## TASK TO CARRY OUT:
Go to the line with "Rice productivity in" in the entries below and write out every line from there through the line with "В комплект к", exactly and without pictures.

## SUPPLIED DATA:
###
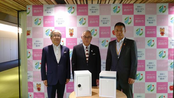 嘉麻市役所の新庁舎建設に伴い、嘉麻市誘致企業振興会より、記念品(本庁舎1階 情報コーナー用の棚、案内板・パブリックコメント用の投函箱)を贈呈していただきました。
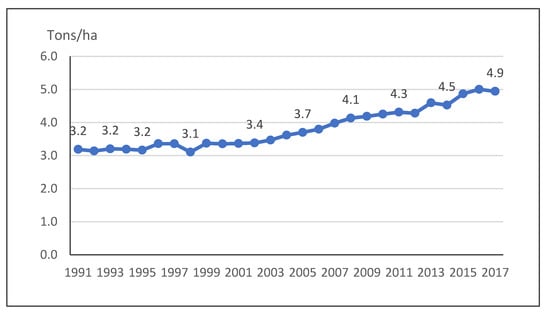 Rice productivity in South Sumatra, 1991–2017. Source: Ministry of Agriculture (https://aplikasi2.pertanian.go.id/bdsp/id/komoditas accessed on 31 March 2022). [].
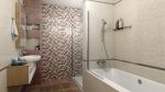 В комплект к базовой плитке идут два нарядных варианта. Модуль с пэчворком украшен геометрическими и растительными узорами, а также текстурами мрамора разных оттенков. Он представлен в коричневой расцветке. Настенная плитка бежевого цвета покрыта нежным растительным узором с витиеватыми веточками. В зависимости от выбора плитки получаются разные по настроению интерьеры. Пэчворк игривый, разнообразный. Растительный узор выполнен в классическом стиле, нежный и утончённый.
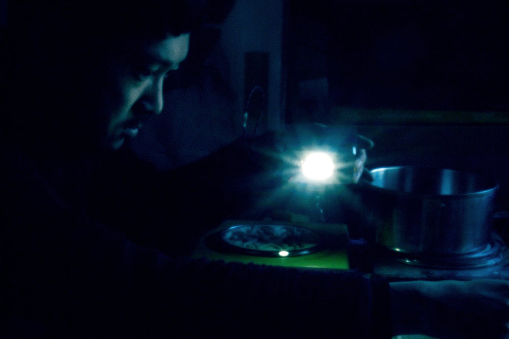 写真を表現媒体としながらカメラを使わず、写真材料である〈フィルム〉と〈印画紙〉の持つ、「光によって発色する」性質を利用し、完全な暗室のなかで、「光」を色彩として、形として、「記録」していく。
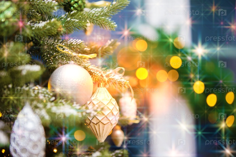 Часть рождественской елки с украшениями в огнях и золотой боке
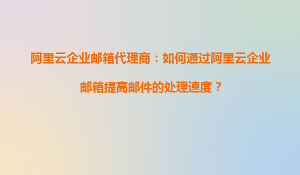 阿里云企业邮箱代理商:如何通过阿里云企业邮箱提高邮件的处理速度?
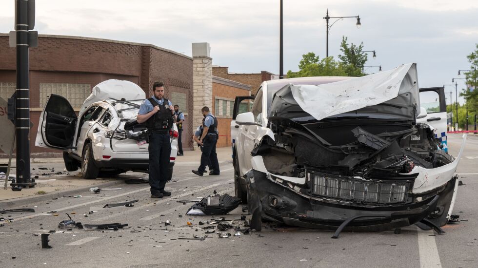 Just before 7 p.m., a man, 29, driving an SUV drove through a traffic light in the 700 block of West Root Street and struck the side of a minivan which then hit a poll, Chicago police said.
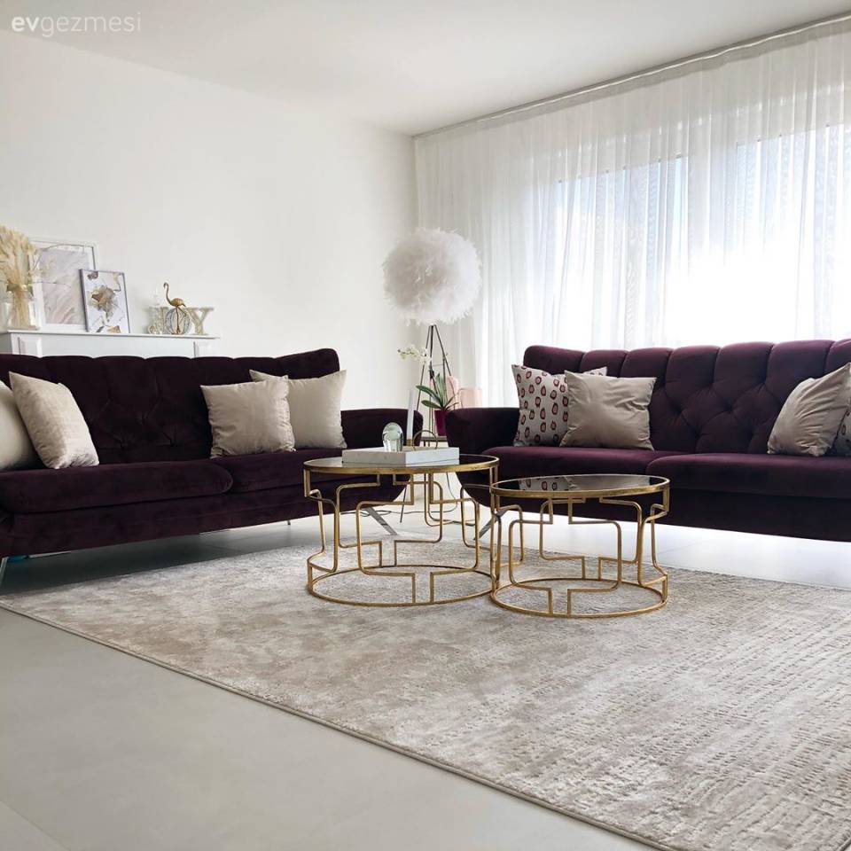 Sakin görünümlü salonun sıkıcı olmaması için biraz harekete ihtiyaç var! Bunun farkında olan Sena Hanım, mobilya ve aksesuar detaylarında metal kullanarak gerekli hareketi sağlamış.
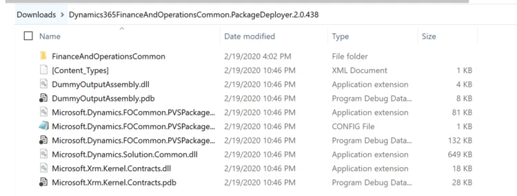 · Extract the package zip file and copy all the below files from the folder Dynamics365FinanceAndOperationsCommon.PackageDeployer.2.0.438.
###
## SOLVED EXERCISE:
 Rice productivity in South Sumatra, 1991–2017. Source: Ministry of Agriculture (https://aplikasi2.pertanian.go.id/bdsp/id/komoditas accessed on 31 March 2022). [].
 В комплект к базовой плитке идут два нарядных варианта. Модуль с пэчворком украшен геометрическими и растительными узорами, а также текстурами мрамора разных оттенков. Он представлен в коричневой расцветке. Настенная плитка бежевого цвета покрыта нежным растительным узором с витиеватыми веточками. В зависимости от выбора плитки получаются разные по настроению интерьеры. Пэчворк игривый, разнообразный. Растительный узор выполнен в классическом стиле, нежный и утончённый.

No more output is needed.